Para pembimbing manasik haji, menurut Arsad Hidayat, Direktur Bina Haji Kementerian Agama (Kemenag), harus memahami situasi dan masalah yang akan dihadapi oleh calon jamaah haji di Tanah Suci Arab Saudi.
Di Jakarta pada hari Jumat, Arsad mengatakan, “Arsad mengungkapkan bahwa sertifikasi tidak hanya tentang teori semata. Para peserta harus benar-benar dipersiapkan dengan pemahaman praktis sehingga mereka mampu menjelaskan secara komprehensif seluk-beluk manasik haji kepada jamaah, termasuk kondisi nyata dan berbagai masalah di Mekkah dan Madinah.”

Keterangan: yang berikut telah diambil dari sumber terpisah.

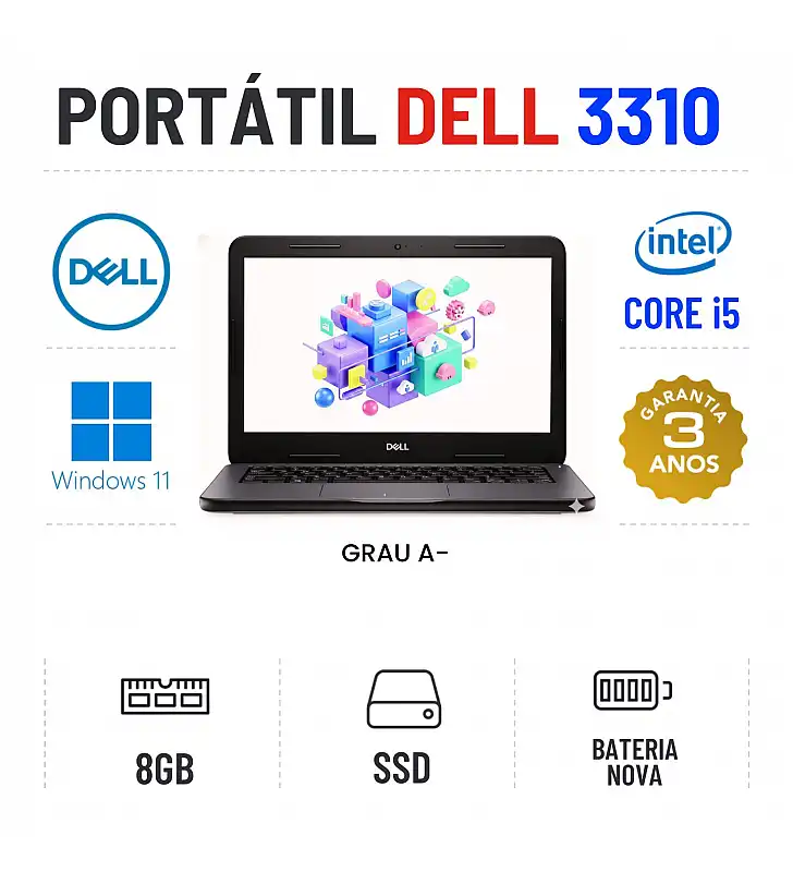 DELL LATITUDE 3310 | 13.3'' | i5-8265u | 8GB RAM | 240GB SSD | BATERIA NOVAGrau A menos - Funciona como Novo. Apontamentos estéticos ligeiros. Preço comparado com novo

Ratusan Aparatur Sipil Negara (ASN) yang bekerja di Kemenag saat ini mengikuti program sertifikasi para pembimbing manasik haji profesional.

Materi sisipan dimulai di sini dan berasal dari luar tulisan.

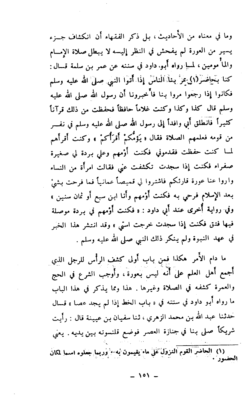 وما في معناه من الأَحاديث، بل ذكر الفقهاء أَن انكشاف جزء يسير من العورة لم يفحش في النظر إِليه لا يبطل صلاة الإِمام والمأْمومين، لما رواه أَبو داود في سننه عن عمر بن سلمة قال: كنا بحاضر (¬1) يمر بنا الناس إِذا أَتوا النبي صلى الله عليه وسلم فكانوا إِذا رجعوا مروا بنا فأَخبرونا أَن رسول الله صلى الله عليه وسلم قال كذا وكذا وكنت غلامًا حافظًا فحفظت من ذلك قرآنًا كثيرًا فانطلق أَبي وافدًا إِلى رسول الله صلى الله عليه وسلم في نفر من قومه فعلمهم الصلاة فقال ((يَؤمُّكمنْ أَقرَأَكمْ)) وكنت أَقرأهم لما كنت حفظت فقدموني فكنت أَؤمهم وعلي بردة لي صغيرة صفراء فكنت إِذا سجدت تكشفت عني فقالت امرأَة من النساء واروا عنا عورة قارئكم فاشتروا لي قميصًا عمانيًا فما فرحت بشيء بعد الإِسلام فرحي به فكنت أَؤمهم وأَنا ابن سبع أَو ثمان سنين)) وفي رواية أُخرى عند أَبي داود: ((فكنت أَؤمهم في بردة موصلة فيها فتق فكنت إِذا سجدت خرجت استي)) وقد انتشر هذا الخبر في عهد النبوة لوم ينكر ذلك النبي صلى الله عليه وسلم.

Arsad menjelaskan bahwa sertifikasi ini bertujuan untuk memberi para pembimbing pemahaman yang mendalam tentang seluruh proses manasik haji, baik dari segi teori maupun praktiknya. Untuk mencapai tujuan ini, sertifikasi ini juga menekankan praktek lapangan selain pertemuan klasik dan pemaparan yang bersifat kognitif.
Arsad juga mengatakan bahwa, lebih dari itu, tanggung jawab para pembimbing adalah memberi tahu jamaah tentang dinamika yang terjadi di lapangan.

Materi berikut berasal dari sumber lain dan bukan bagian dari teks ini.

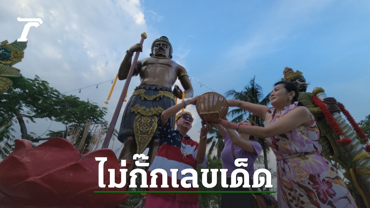 หลังจากที่ อาจารย์เบโอมมาศ์ตรา, น.ส.แบม และอาจารย์วันชัย ทำพิธีแล้ว ได้เดินไปที่ทุ่งบัวแดง เพื่อจุดธูป 16 ดอก ไหว้ขอพร ท้าวหิรัญพนาสูรองค์ใหญ่ที่สุดในประเทศไทย ที่ทางวัดเพิ่งนำมาประดิษฐานตามความเชื่อ

Menurut Arif Rahman, Ketua Panitia Manasik, program sertifikasi berlangsung selama lima hari. Setelah tiga hari pelajaran klasik, peserta yang disertifikasi sebagai pembimbing manasik haji profesional melakukan praktek lapangan.
Arif menambahkan, “Sebanyak 100 peserta sertifikasi pembimbing haji profesional ini melaksanakan praktek manasik haji di Masjid Al Jabar di Bandung.”
Menurutnya, para peserta harus memakai pakaian ihram dengan sempurna dan berangkat dari hotel menuju Masjid Al Jabar pada pukul 04.00 WIB.
Di lantai dasar Masjid Al Jabar terdapat Galeri Rasulullah, di mana orang dapat melihat prolog perjalanan Rasulullah dan miniatur lokasi penting dalam sejarah perjalanan syiar Islam. Mereka dapat melakukan ini setelah Shalat Subuh.
Sekitar pukul 07.00 WIB, KH Adam Anhari memberikan presentasi tentang skenario pelaksanaan manasik kepada peserta.
Peserta sertifikasi kemudian dibagi menjadi kelompok berdasarkan kloter, mirip dengan jamaah haji sesungguhnya. Setiap kelompok dipimpin oleh seorang Ketua Ragu atau Ketua Rombongan.
Dia menjelaskan, “Selain materi teoritis, peserta sertifikasi juga mengambil bagian dalam praktek lapangan dan gladi posko. Semua ini dilakukan untuk memberi peserta pemahaman yang akurat tentang kondisi lapangan dan masalah yang mungkin muncul di sana.”